At national school law conferences last year, David Ford noted that it was not clear whether Australian Government financial assistance could be used to meet the costs associated with belonging to the National Redress Scheme or to making payments under it without putting the receipt of ongoing financial assistance at risk. He also noted that, under state legislation, it was difficult to know with any certainty whether joining the Redress Scheme and making payments pursuant to it could cause a school to operate for profit and therefore put its government funding at risk. Looking at the NSW legislation – the infamous section 83C – one could argue that joining the Scheme and making payments pursuant to it were part of the school's operations. However, the NSW Guidelines issued in December 2018 and again in June 2019 said nothing about the Scheme and, on their face, suggested that joining the Scheme, which is voluntary, and then making payments which, although not voluntary once the school is in the Scheme, are in a sense also voluntary, would cause the school to operate for profit.
David concluded that it would be a very brave government that would threaten to remove a school's funding just because it had joined the Redress Scheme, particularly given that the states have all joined the Scheme and that the Australian Government and the Scheme Operator have been encouraging institutions, including schools, to join. Finally, late last year, the NSW Government decided that it does not want to be that brave.

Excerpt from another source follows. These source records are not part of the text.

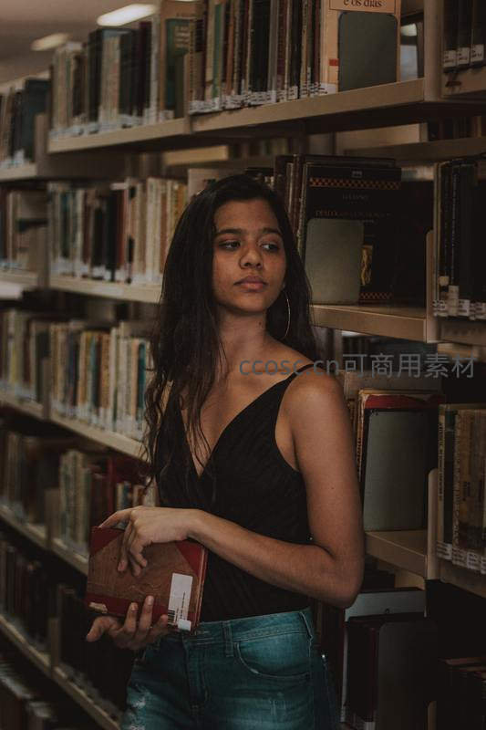 一位长发少女站在图书馆高大的书架间,手中捧着一本红色封面的书,眼神专注而宁静,周围是整齐排列的书籍。
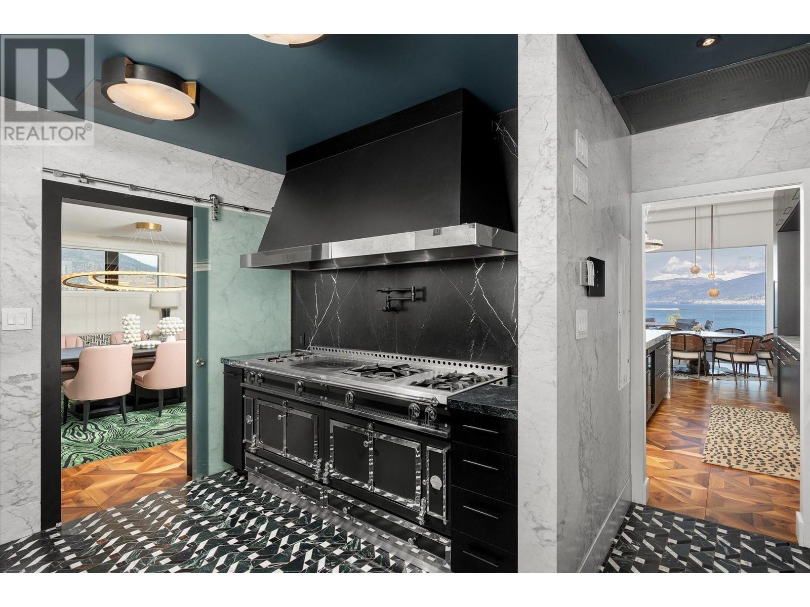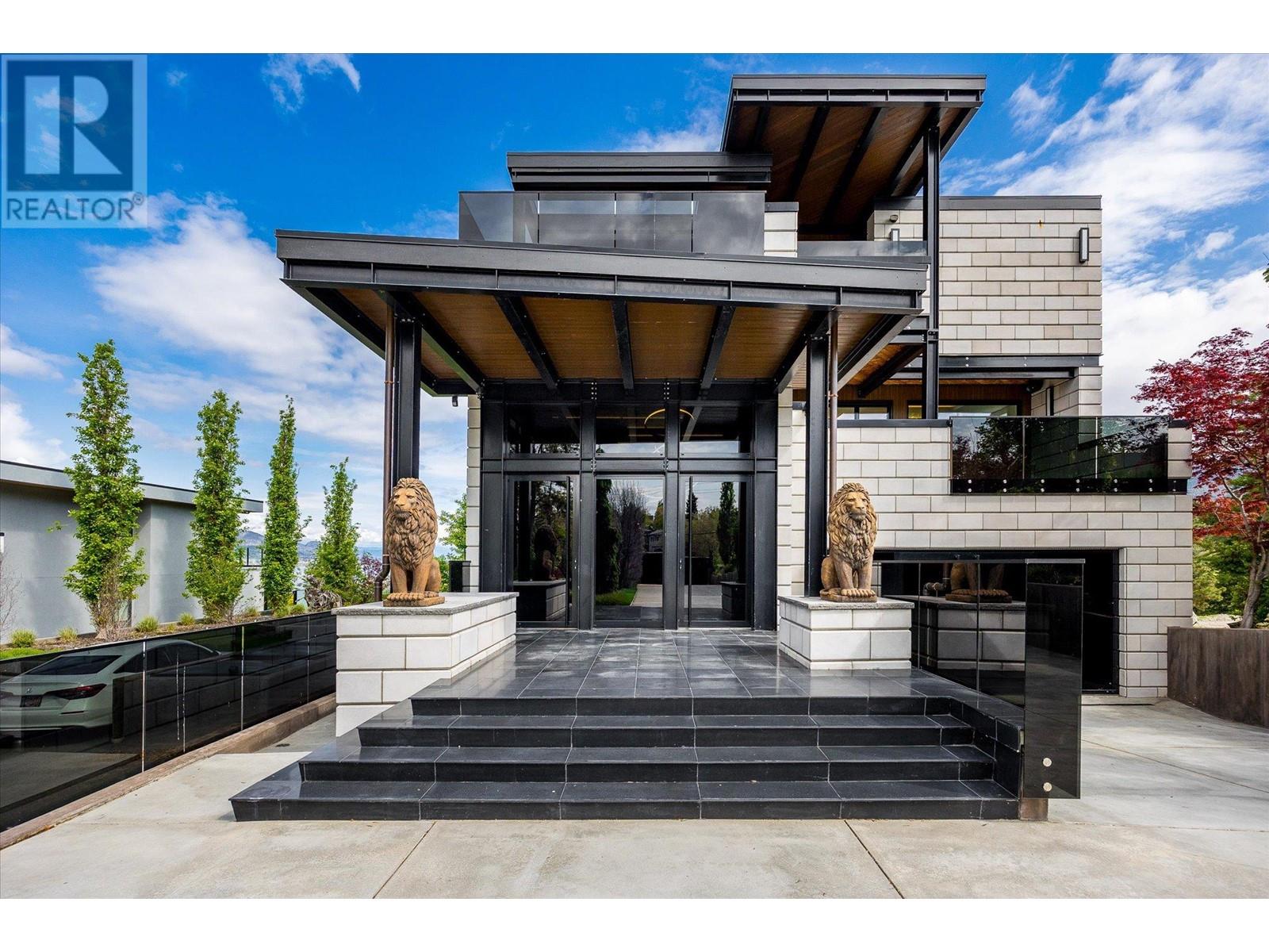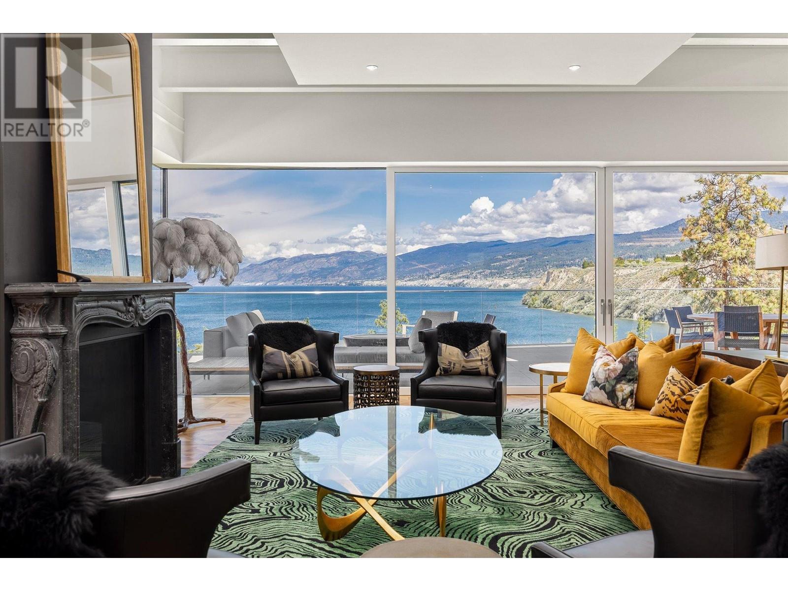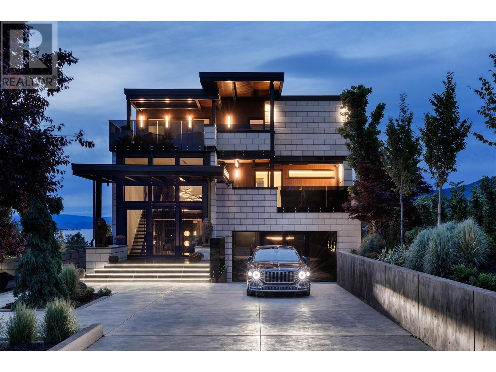 Discover a masterpiece at the southern tip of Okanagan Lake. A property that defines bespoke in one of the world’s most breathtaking settings. This estate seamlessly blends modern amenities with timeless European-inspired craftsmanship. From the custom vertical gate, you approach the home featuring open steel beams, intricate marble mosaic and hand crafted walnut floors. Seven expansive patios surround its exterior, offering sun, shade and unmatched lake views. The interior combines industrial strength with refined luxury. Every detail speaks of curated elegance - gold leaf mirrors from Paris, Christopher Boots lighting, and floating Verde marble staircases. The third floor great room features a wall of sliding glass doors and with its height, the feeling of sailing northward up the lake. A sophisticated working kitchen with commercial-grade La Cornue appliances is adjacent to your gathering space for family and friends. The primary suite offers panoramic lake vistas, a large balcony, and luxurious Nero Marquina marble in the ensuite, complete with twin soaking tubs facing dramatic sunsets. The home flows with natural light, accentuating its harmony of old-world charm and modern sophistication. Surrounded by seasonal beauty, from vibrant summers to rich autumn hues, this residence is more than just a home; it is a statement, a true sanctuary in one of Canada’s most stunning locations. Truly, this residence is best experienced in person to be fully appreciated. (id:47466)
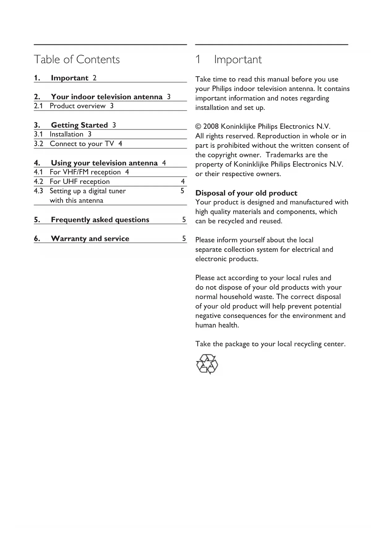 1 Important Take time to read this manual before you use your Philips indoor television antenna. It contains important information and notes regarding installation and set up. © 2008 Koninklijke Philips Electronics N.V. All rights reserved. Reproduction in whole or in part is prohibited without the written consent of the copyright owner. Trademarks are the property of Koninklijke Philips Electronics N.V. or their respective owners. Disposal of your old product Your product is designed and manufactured with high quality materials and components, which can be recycled and reused. Please inform yourself about the local separate collection system for electrical and electronic products. Please act according to your local rules and do not dispose of your old products with your normal household waste. The correct disposal of your old product will help prevent potential negative consequences for the environment and human health. Take the package to your local recycling center.3 2 Your indoor television antenna Congratulations on your purchase and welcome to Philips! To fully benet from the support that Philips offers, register your product at www.philips.com/welcome.
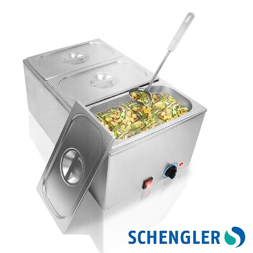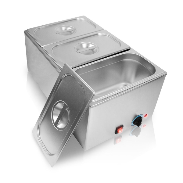 Material nerjaveče jeklo INOX Vložek 3 x GN 1/3 (150 mm) Dodatni varnostni termostat Temperatura max 90 ° Napajanje 230 V / 50 Hz Poraba moči 1200 W Dimenzije 540 x 340 x 250 mm Teža 11,5 kg
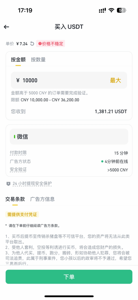 2、没有支付宝/微信转账风控,因为是通过银行卡给国内正规银行转账,所以完全没有转账风控限制,不用像C2C一样找十几个U商一个一个试
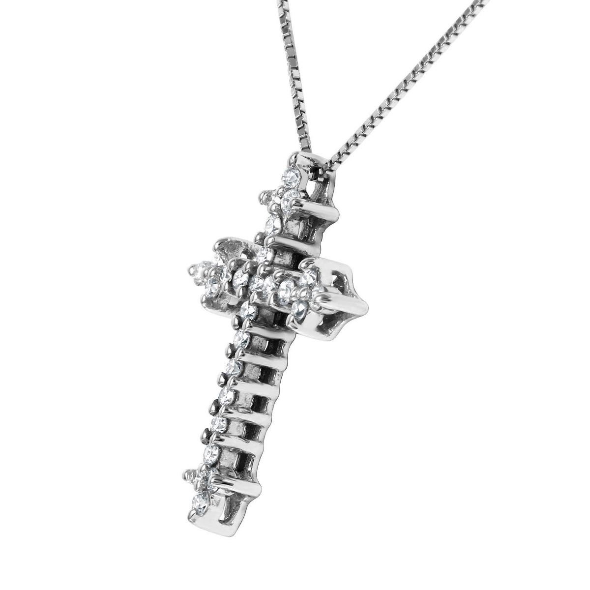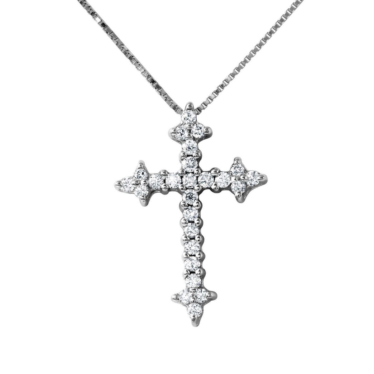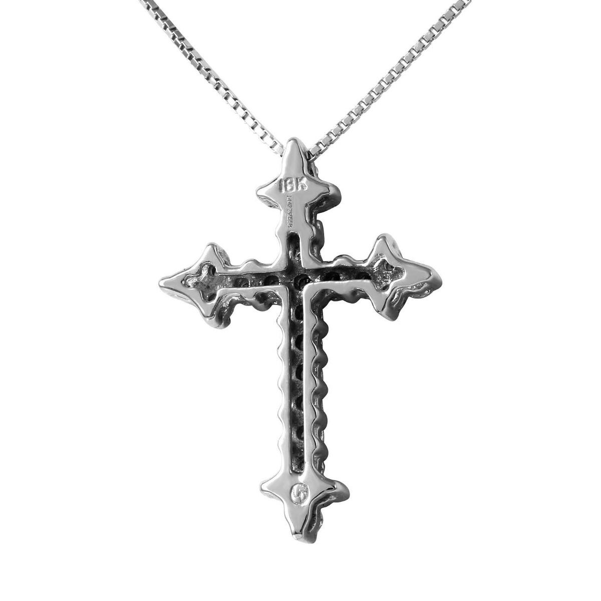 18KT White Gold diamond cross pendant with 0.25ctw of diamonds, strung on an 18 inch long chain. Measures 3/4" long x 1/2" wide. Total weight of necklace: 2.34 grams. The descriptions listed should not be construed as an appraisal. The detail is provided as a guideline for color, clarity, weights and measurements to the best of our ability. We welcome inspections. WE SHIP WORLDWIDE!
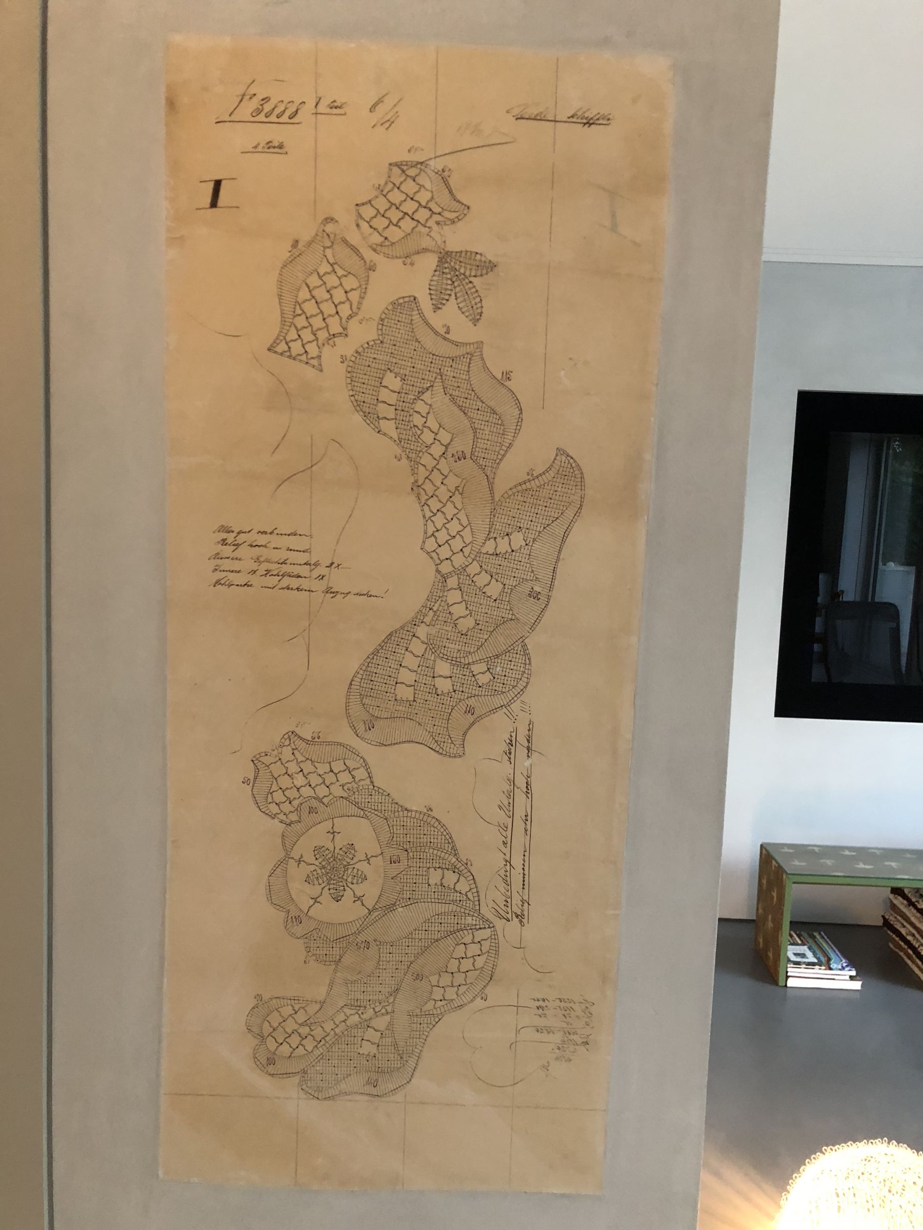 Bei Renovationsarbeiten in einem Wohnhaus in Amriswil entdeckte die Hausbesitzerin diese Stickereivorlage der Firma Stucki. Sie stammt wohl aus der Zeit um 1900. Nun ziert sie als Wandschmuck das renovierte Untergeschoss. So wurde die Vorlage zu einem persönlichen Erinnerungsstück, welches von einem wichtigen Kapitel der Textilindustrie erzählt.

To support non-government schools' participation in the National Redress Scheme, the NSW Minister for Education and Early Childhood passed a new Regulation 10A, which came into force on 11 October 2019. This regulation allows non-government schools to make redress payments without contravening the not-for-profit provisions of section 83C of the Act provided they can demonstrate that government financial assistance was not used to make redress payments. This reflects the position at the federal level and allows schools to make redress payments from their reserves, assuming that they have spent all their government funding on normal recurrent expenditure.